= Gordon Manzie =

Sir Andrew Gordon Manzie, KCB (3 April 1930 - 24 September 2014) was a British civil servant and chief executive of the Property Services Agency.

==Early life==
Andrew Gordon Manzie was born in Edinburgh on 3 April 1930 to parents John Mair, a railway clerk, and Catherine Manzie. He grew up in a council house in Stenhouse, where he attended primary school and was joint dux. Manzie won a bursary to the Royal High School of Edinburgh.

== Career ==
In 1947 he joined the civil service initially as a clerical officer in the central registry of the Scottish Home and Health Department. After his executive officer exam, he joined the Ministry of Supply in London. In 1949 he undertook his two-year national service with the RAF at Hereford and Bridgnorth, before returning to his posting in London in 1951.

At the age of 30 he graduated with a BSc in economics from the London School of Economics following a course of part-time study.

Manzie then was appointed to a number of posts including private secretary to the permanent secretary at the Ministry of Aviation, and secretary to the Edwards Committee of Inquiry into Civil Air Transport, before moving to the Scottish Office, and later the Department of Trade and Industry.

In 1984, Manzie was appointed second permanent secretary at the Department for the Environment and chief executive of the Property Services Agency. He was appointed to resolve problems of widespread corruption at the agency. His work led to the prosecutions of a number of the agency's staff.

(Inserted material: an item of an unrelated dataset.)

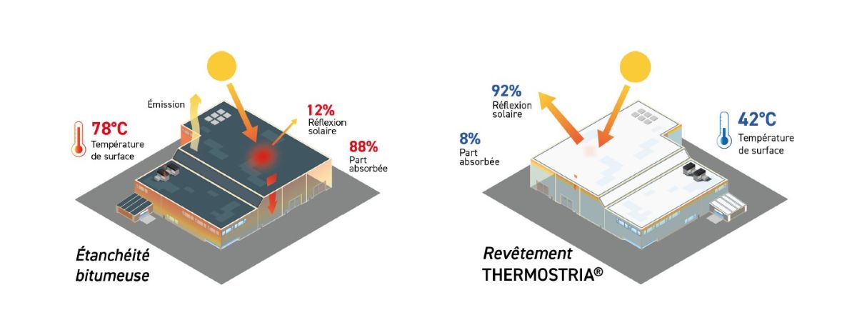 Le cool roof c’est une technologie innovante qui permet de limiter l’absorption de chaleur par les toitures grâce à un revêtement spécifique. En réfléchissant une grande partie du rayonnement solaire, le revêtement réduit la température des bâtiments et améliore l’efficacité énergétique.

He retired from the civil service in 1990, and became chairman of Anglo Japanese Construction Ltd, winning a contract to build Tsing Ma Bridge. He was also the chairman and director of companies in the Trafalgar House group winning the contract for Jiangyin Bridge.

== Personal life ==
Manzie married Rosalind Clay in 1955. They had two children, a son, Ian Manzie, and a daughter, Stella Manzie. He also had two grandchildren Ellen and Aodh Manzie. He died on 24 September 2014 in Harlow.

== Honours ==
In 1983, Manzie was appointed Companion of The Most Honourable Order of the Bath. In 1987, Manzie was appointed Knight Commander of the Order of the Bath. He was made an honorary fellow of the London School of Economics in 2003.